Hi I have this on two of my vivs!! Its strong enought but is slightly prone to scratches but not that bad! the scratches made on mine are from the lock on the doors!! It doesnt seem to effect the the temperature at all. 

But you may need a set of runners at each end as not as sturdy as glass the reps may push it out at that part!!


----------



## lola (Dec 11, 2007)

thanks snowyj99 

Maybe I'd better order some more runners then 

never ends does it - you think you've got it all organised then something else says you gotta buy me, me, me!!!


----------



## Johelian (Nov 25, 2006)

We've got acrylic in all of our vivs, as its so light-weight and easy to cut.

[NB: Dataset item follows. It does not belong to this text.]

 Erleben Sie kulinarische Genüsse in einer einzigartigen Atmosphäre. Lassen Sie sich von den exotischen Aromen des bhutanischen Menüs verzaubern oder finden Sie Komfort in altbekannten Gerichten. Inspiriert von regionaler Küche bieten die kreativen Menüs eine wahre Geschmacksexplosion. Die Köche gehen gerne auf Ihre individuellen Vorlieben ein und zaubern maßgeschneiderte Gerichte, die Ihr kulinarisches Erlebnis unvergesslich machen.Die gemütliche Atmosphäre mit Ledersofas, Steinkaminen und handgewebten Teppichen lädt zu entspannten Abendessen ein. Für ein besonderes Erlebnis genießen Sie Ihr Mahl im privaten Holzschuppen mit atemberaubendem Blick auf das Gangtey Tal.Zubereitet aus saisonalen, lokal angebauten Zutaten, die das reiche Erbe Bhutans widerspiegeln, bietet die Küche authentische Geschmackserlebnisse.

The only one thats scratched is our tegu viv, where has has been irritable over winter wanting to go out roaming and has scratched it up. This has been over a couple of years, mind. All of the others are fine as the animals dont scratch the doors.

I would make sure that you chose the outdoor-use acrylic, or it may discolour in time when exposed to the light.


----------



## sweetvicky (Dec 21, 2006)

If you are looking for cheap glass, you should try pound shops and using the glass from the clip photo frames. My local one does 12" by 16" frames.

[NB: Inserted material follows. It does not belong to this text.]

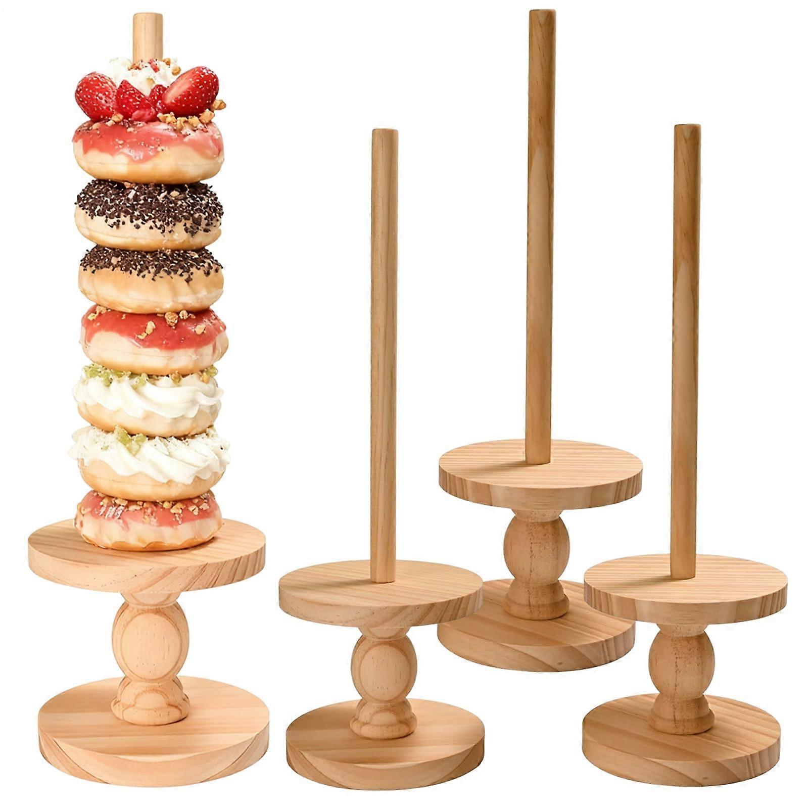 Donut Display Stand with Stable Weighted Base, Hygienic Pine Wood Holder for Party Dessert Table

Its not very thick (prob about 2mm) but strong enough for most dragons and small snakes  and it doesn't flex


----------



## Graham (Jan 27, 2007)

> *what's the difference between this and perspex *


*Essentially there is no difference, Perspex is just a brand name for acrylic sheet, it's a high quality one and other brands may not be as good, but for our purposes it makes little difference.*

*There are basically two types of acrylic sheet, cast and extruded, cast is more expensive and machines better, extruded is cheaper and doesn't machine as cleanly, but for viv doors etc it's perfectly adequate.*

*All acrylic sheet, cast or extruded and regardless of brand, scratches more easily than glass, so you need to think about how you use it and what's going in the viv. Amphibians for instance would be fine, and most snakes too (I have an acrylic front on my cornsnake viv and it doesn't get scratched), but lizards with sharp claws would make a mess of it in no time at all.*

*If you use it be sure to clean it with a soft clean cloth, paper towels will scratch it minutely and make it cloudy.*


----------



## lola (Dec 11, 2007)

Thanks Graham - that's a brilliant reply, very helpful


----------



## snowyj99 (Feb 28, 2008)

your welcome let us know how it goes on!! : victory:


----------



## pjlucy (Dec 7, 2007)

sweetvicky said:


> If you are looking for cheap glass, you should try pound shops and using the glass from the clip photo frames. My local one does 12" by 16" frames.
> 
> Its not very thick (prob about 2mm) but strong enough for most dragons and small snakes  and it doesn't flex


 
Hate to be a stickler, but i would never use 2mm glass, to easy to crack, always go for a minimum of 4mm

And yes perspex is fab, easily clean, wont break if dropped, cheaper than glass, we kitted out 8 stack viv with it and it cost us less than £50, already cut.


----------